Bargatze is more storyteller than punchline assassin, and he often makes himself the butt of his jokes. His recounting of being a water meter reader in Tennessee post-9/11 is a tear-inducing gem: “We figured, they just went to New York. Obvious next stop: Mount Juliet, Tennessee,” he says on last year’s Your Friend, Nate Bargatze special. “And they are going to poison our water.” Assigned to guard a water tower with just a lantern, “I stood just in a dark field alone, waiting for the Taliban to show up.”
“To this day,” he says he wonders, “What did they want us to do? Call the Mount Juliet police. ‘Osama is here. He got past our lanterns. He’s in the water tank. He knew how to open that. We were surprised by that, but he knew what he was doing.’”

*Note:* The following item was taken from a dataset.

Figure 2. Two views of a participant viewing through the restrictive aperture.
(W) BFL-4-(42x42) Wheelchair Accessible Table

That style of comedy made him Billboard Boxscore’s fifth highest grossing comedian in 2023 ($20.6 million), No. 1 in 2024 ($82.2 million) and has topped the ranking in August, September and October of this year, with $16.6 million, $13.3 million and $15.8 million, respectively, and sold more than 2 million tickets over those measurement periods.
That’s big, but it sure ain’t dumb.
11. Sebastian Maniscalco
Read Maniscalco’s memoir-slash-comedian playbook, Stay Hungry, and you’ll learn that his was a long, difficult road to the top. Now that he’s there, he’s not wasting his shot.

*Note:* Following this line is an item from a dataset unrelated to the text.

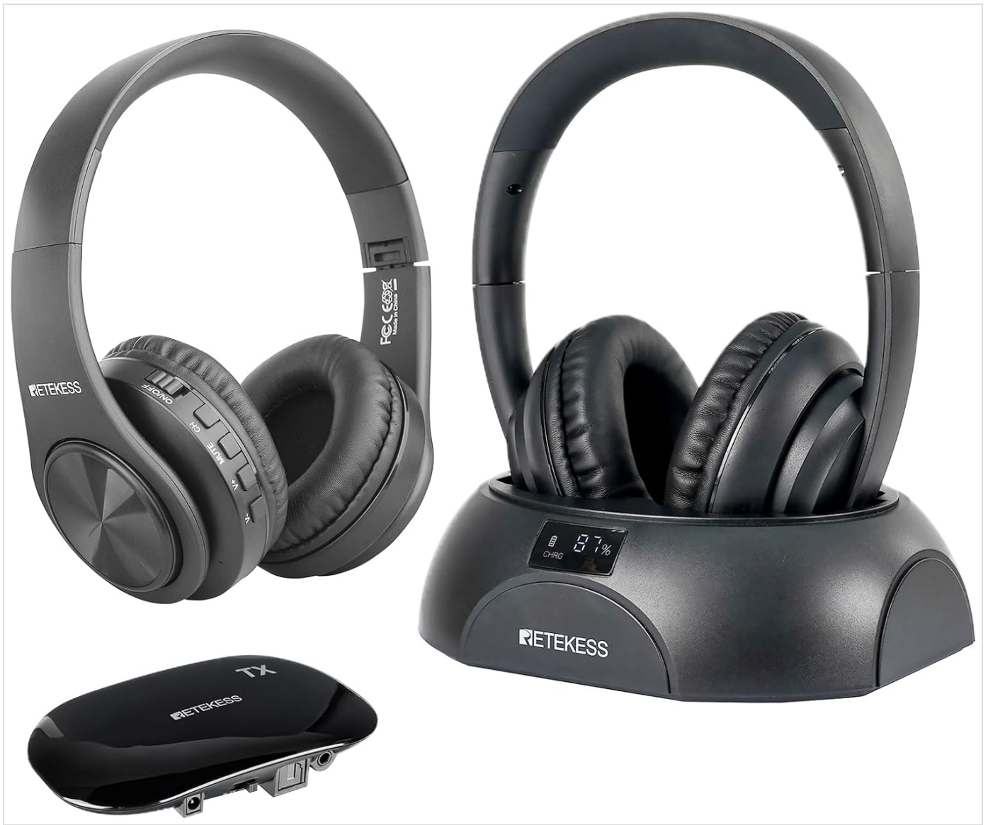
Image: Overview of the Reteless TA005 and TA006 wireless TV headphone system, featuring two headphones, a transmitter, and a charging dock.

In the fall of 2024, Maniscalco performed a record-breaking five nights at Madison Square Garden, and this year, he was Billboard Boxscore’s top-grossing comedian of the first half of 2025 and ranked No. 25 — just below Dua Lipa — among all genres of live performers.
Like his comedy forebear Pat Cooper, Maniscalco mines his Italian American upbringing, which, he told Billboard in a recent interview he found earlier in his career “resonated not only with people with Italian immigrant backgrounds, but Spanish, Greek or wherever you come from.” And his hairdresser father Salvatore, who immigrated from Sicily, often figures into his routine: “To this day, my father, he knows what I make, I know what he’s got hidden,” Maniscalco said during a set at the Just For Laughs festival in Montreal, adding that his Dad always calls him before leaving on vacation because he thinks he’s going to die while away. “He says, ‘Listen, just in case anything happens on vacation, you’re gonna get a treasure map in the mail in three weeks.”

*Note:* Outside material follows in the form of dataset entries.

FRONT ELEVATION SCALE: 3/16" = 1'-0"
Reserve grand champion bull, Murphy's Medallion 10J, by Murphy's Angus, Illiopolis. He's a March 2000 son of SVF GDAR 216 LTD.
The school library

His wide appeal also has a lot to do with his talent for “can-you-believe-this” observational humor that he delivers in a voice that could be straight out of Brooklyn, even though he comes from the suburbs of Chicago.
Maniscalco is a stage stalker, given to Mediterranean-style hand gestures, and his sets have become more physical and exaggerated as the venues he plays become larger — a performance style recently parodied by Marcello Hernandez in a pitch-perfect SNL skit. As they say: imitation is the highest form of flattery.